[[ Extracted entries, beginning ]]

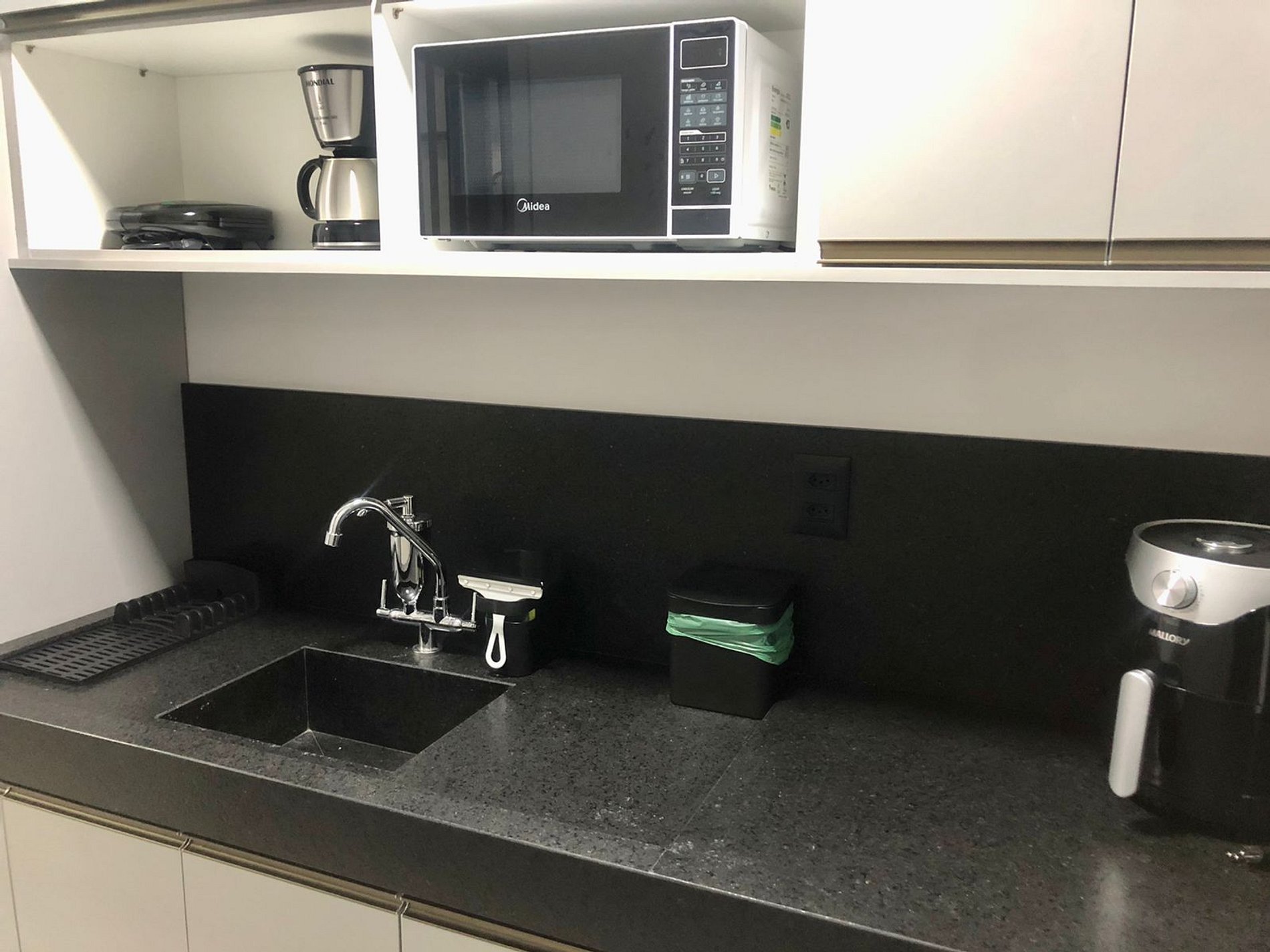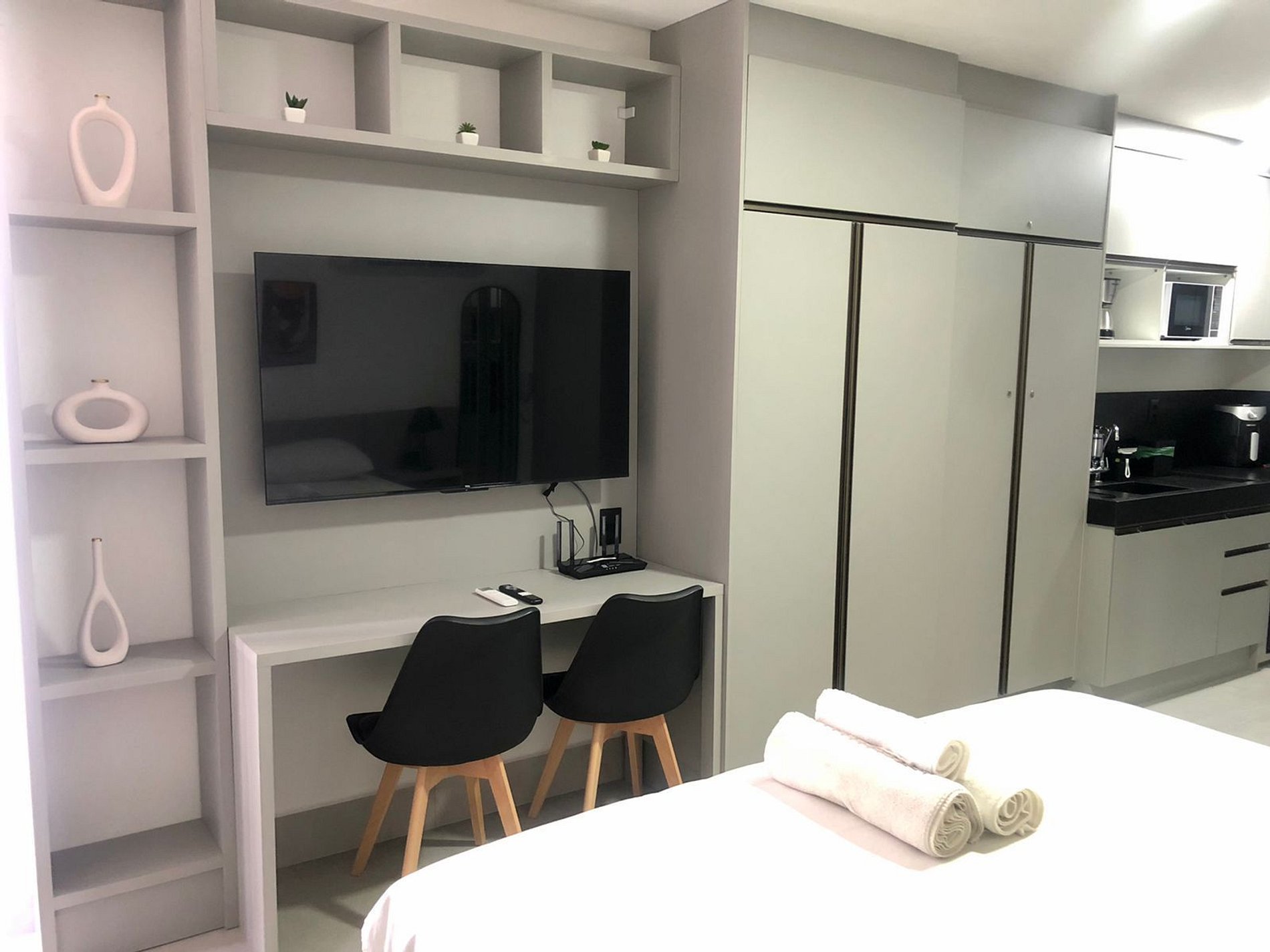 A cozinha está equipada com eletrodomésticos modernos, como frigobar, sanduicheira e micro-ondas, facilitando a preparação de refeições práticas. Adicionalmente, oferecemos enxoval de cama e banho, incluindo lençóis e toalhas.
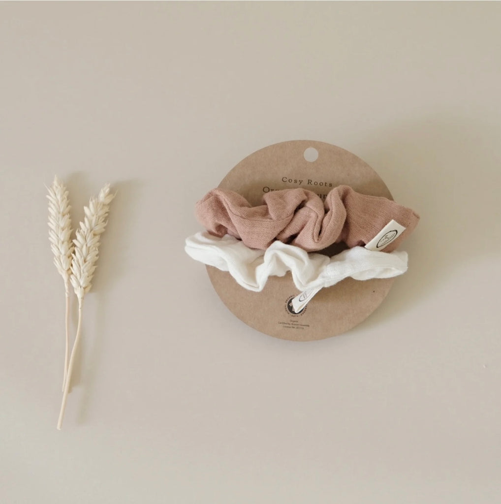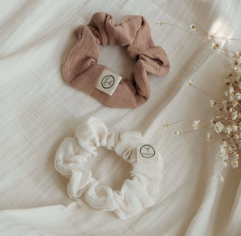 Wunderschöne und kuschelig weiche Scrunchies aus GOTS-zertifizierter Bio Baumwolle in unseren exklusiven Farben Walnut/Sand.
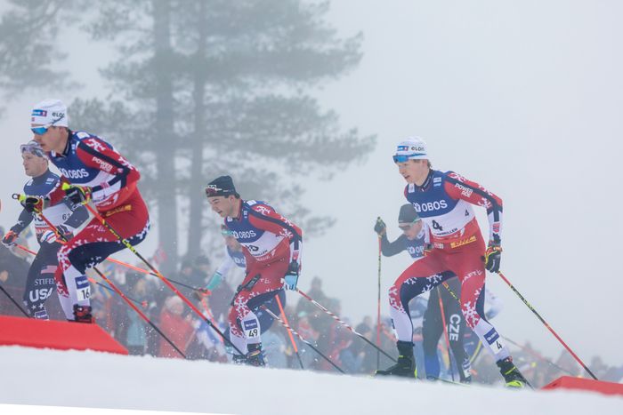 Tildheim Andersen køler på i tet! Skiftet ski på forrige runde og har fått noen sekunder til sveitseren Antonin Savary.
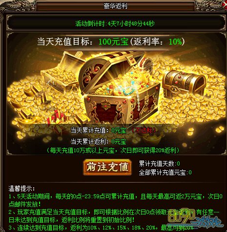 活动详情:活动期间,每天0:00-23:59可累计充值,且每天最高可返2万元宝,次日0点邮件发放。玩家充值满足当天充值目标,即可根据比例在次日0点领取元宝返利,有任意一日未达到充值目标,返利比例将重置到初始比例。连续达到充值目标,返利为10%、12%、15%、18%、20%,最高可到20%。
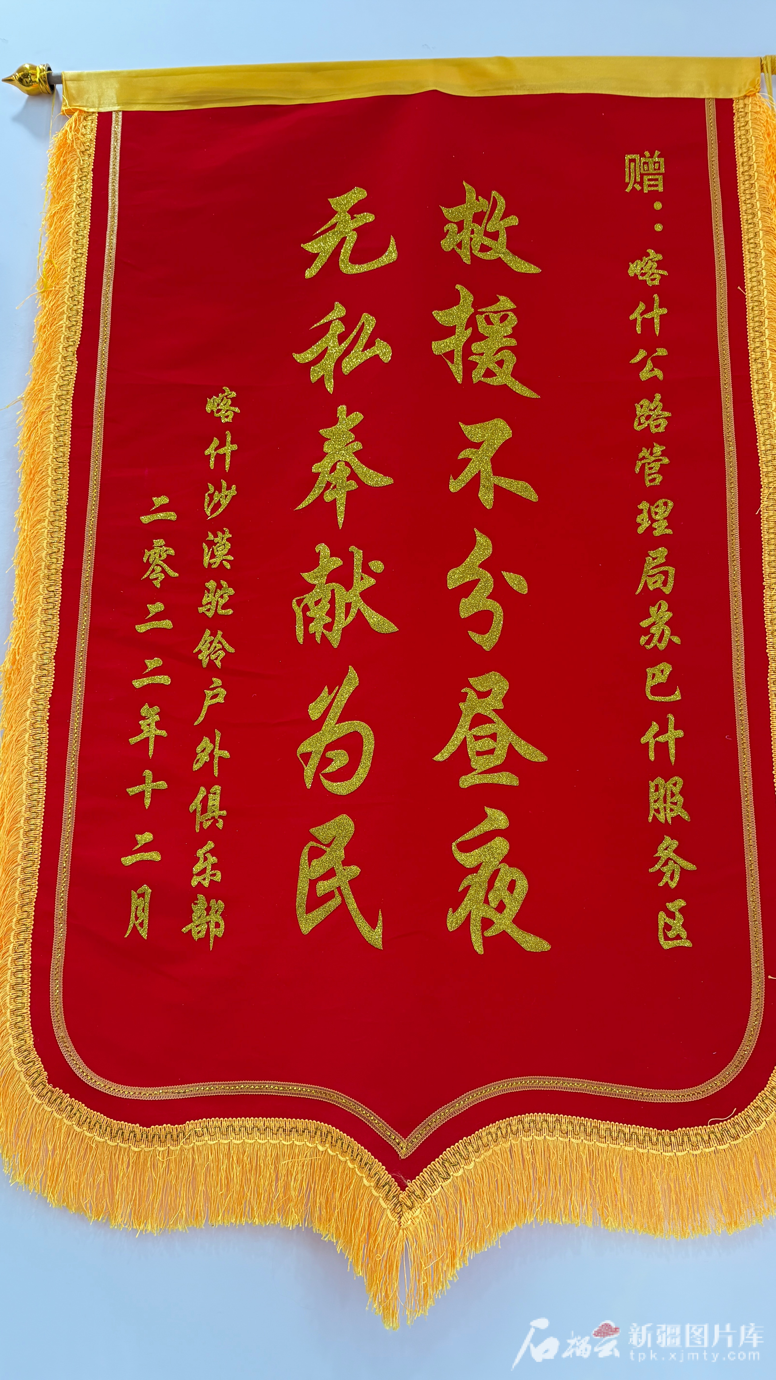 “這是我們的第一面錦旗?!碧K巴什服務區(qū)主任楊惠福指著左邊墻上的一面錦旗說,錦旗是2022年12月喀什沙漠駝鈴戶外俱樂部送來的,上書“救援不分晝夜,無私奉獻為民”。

[[ Extracted entries, end ]]
[[ Extracted entries, beginning ]]

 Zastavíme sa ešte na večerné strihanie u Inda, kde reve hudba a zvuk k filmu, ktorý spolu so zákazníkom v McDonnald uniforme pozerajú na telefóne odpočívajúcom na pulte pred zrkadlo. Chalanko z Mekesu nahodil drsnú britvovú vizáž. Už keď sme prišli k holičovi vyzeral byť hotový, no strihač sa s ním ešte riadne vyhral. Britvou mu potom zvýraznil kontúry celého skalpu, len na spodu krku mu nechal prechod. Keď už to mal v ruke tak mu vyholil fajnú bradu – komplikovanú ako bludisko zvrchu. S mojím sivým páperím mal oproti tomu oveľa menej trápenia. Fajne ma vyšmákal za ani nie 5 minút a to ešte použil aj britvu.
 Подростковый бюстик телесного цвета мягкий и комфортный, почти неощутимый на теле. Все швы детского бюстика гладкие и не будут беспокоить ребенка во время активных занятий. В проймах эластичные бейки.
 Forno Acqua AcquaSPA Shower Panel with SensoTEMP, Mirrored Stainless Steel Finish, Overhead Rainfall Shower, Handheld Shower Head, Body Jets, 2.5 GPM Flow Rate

[[ Extracted entries, end ]]

• The problem: Repeat exactly the lines above from the one with "Подростковый бюстик телесного" up to and including the one with "Forno Acqua AcquaSPA". No other line belongs in the reply.

• Reply:
 Подростковый бюстик телесного цвета мягкий и комфортный, почти неощутимый на теле. Все швы детского бюстика гладкие и не будут беспокоить ребенка во время активных занятий. В проймах эластичные бейки.
 Forno Acqua AcquaSPA Shower Panel with SensoTEMP, Mirrored Stainless Steel Finish, Overhead Rainfall Shower, Handheld Shower Head, Body Jets, 2.5 GPM Flow Rate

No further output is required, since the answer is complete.